COVID-19 mortality. Early pandemic data showed countries with higher vaccination rates had higher mortality. Simpson's Paradox: older people were both more likely to be vaccinated and more likely to die. Within every age group, vaccination dramatically reduced mortality.8
Education policy. SAT scores can rise in every demographic group while falling overall, if the proportion of lower-scoring groups in the test-taking population has increased.
Simpson's Paradox hiding in plain sight across medicine, sports, education, and public health.
The Lesson That Changes Everything
Data is not knowledge. Data is raw material. To turn data into knowledge, you need a story about how the data was generated — a causal model, even if informal and imperfect.

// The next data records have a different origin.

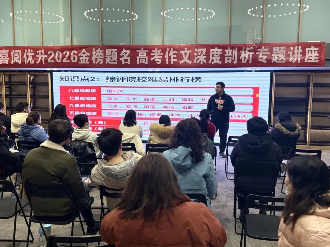 2月1日,由凤凰学生发展研究院——喜阅优升协办的高考备考与升学规划专题讲座顺利举行。 本次活动聚焦"如何突破作文48分"这一核心议题,特邀江苏省教学名师、高考命题研究专家张曙光老师与喜阅优升学术主任杨茂老师联袂开讲,为到场的高三学子及家长们带来了一场兼具深度与实用价值的知识盛宴。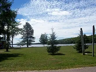 Lake Lucerne is located near Crandon in Forest County, Wisconsin, United States.[2] There is a boat landing on the southeast shore of the lake and a restaurant (Waters Edge) on the west shore. This restaurant performs a water ski show during the summer months. Summer homes and cottages surround the lake. There is a large, uninterrupted stretch of water on the north half of the lake. On the southern half, there is a large cluster of islands, the largest having a sand bar that is popular with swimmers. The southern tip of the lake is dotted with bays and water meadows.[3]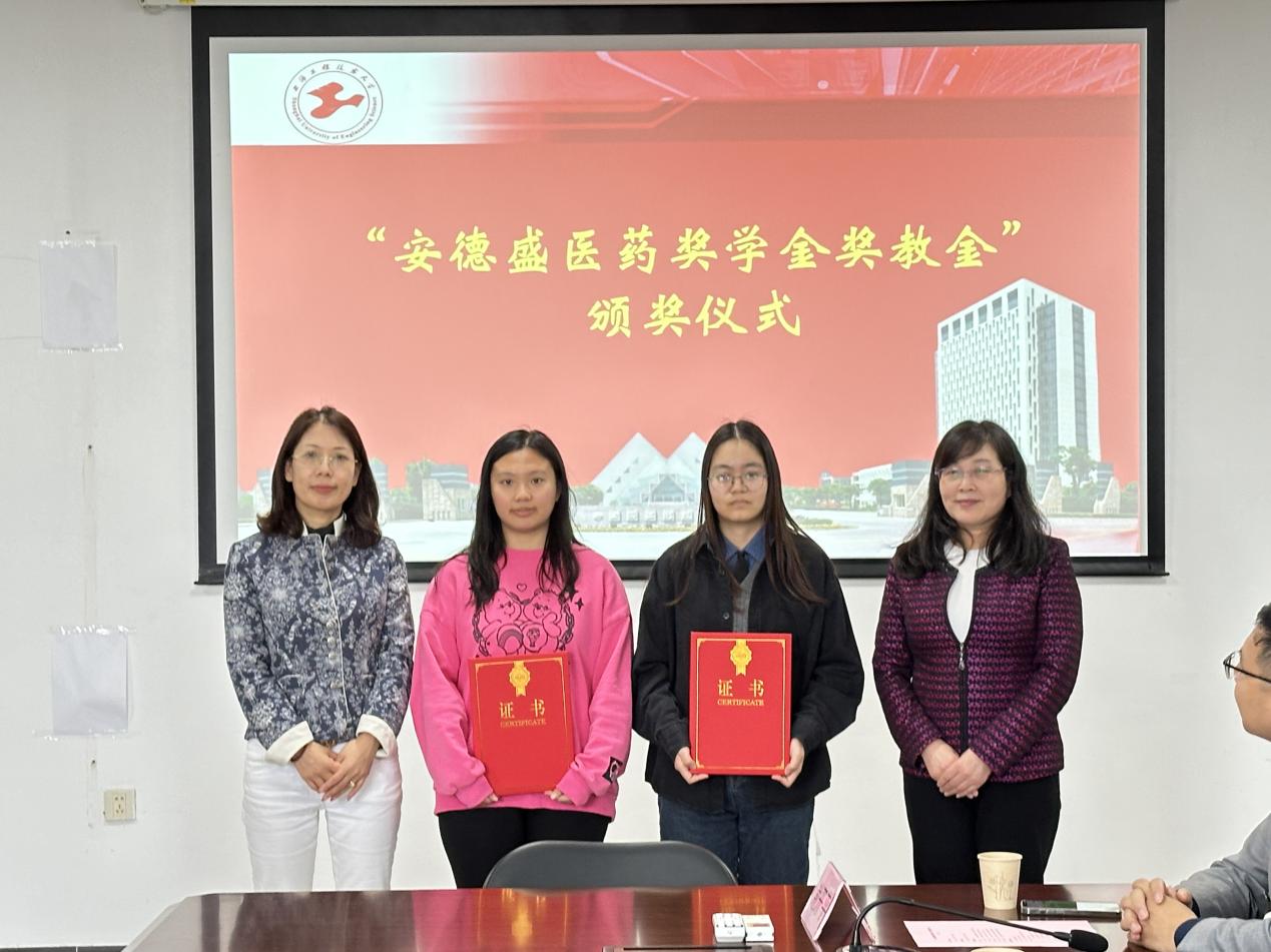 “安德盛医药奖学金、奖教金”是由上海安德盛生命科技有限公司在我校为医药前沿技术研究院在读研究生和全职在岗教职员工设立的,授予课程学习和研究成绩突出(优秀学习、优秀贡献、杰出贡献)的研究生、人才培养和科研成果出色(优秀教师)的教职员工,鼓励研究生学习知识和参与科研的热情,提高教师开展科研和教学工作的积极性。上海安德盛生命科技有限公司是一家专注于药物制剂体外质量评价仪器装备的研制开发、生产及供应的高科技企业。本次活动除了奖学金和奖教金颁奖仪式外,还进行了“医药产品研发与质量评价联合实验室”揭牌仪式,助力我校在“药工医”交叉研究领域的发展。

Every time you read a headline that says "Study shows X," the right question isn't just "is the study well-designed?" It's: would this conclusion survive disaggregation? And if the disaggregated data tells a different story, which story is the right one?
You can't answer that second question with more data. You can only answer it with thinking — about what causes what, about what's a confounder and what's a consequence, about the causal architecture of the world.
The women who applied to Berkeley in 1973 weren't the victims of biased admissions committees. They were the victims of something subtler — a world that channeled them toward certain departments, and then punished them for the competitive landscape they found there. The paradox didn't create the injustice. It just determined where you'd find it, if you looked carefully enough.
And that, in the end, is what statistics is for. Not to give you answers. To tell you where to look.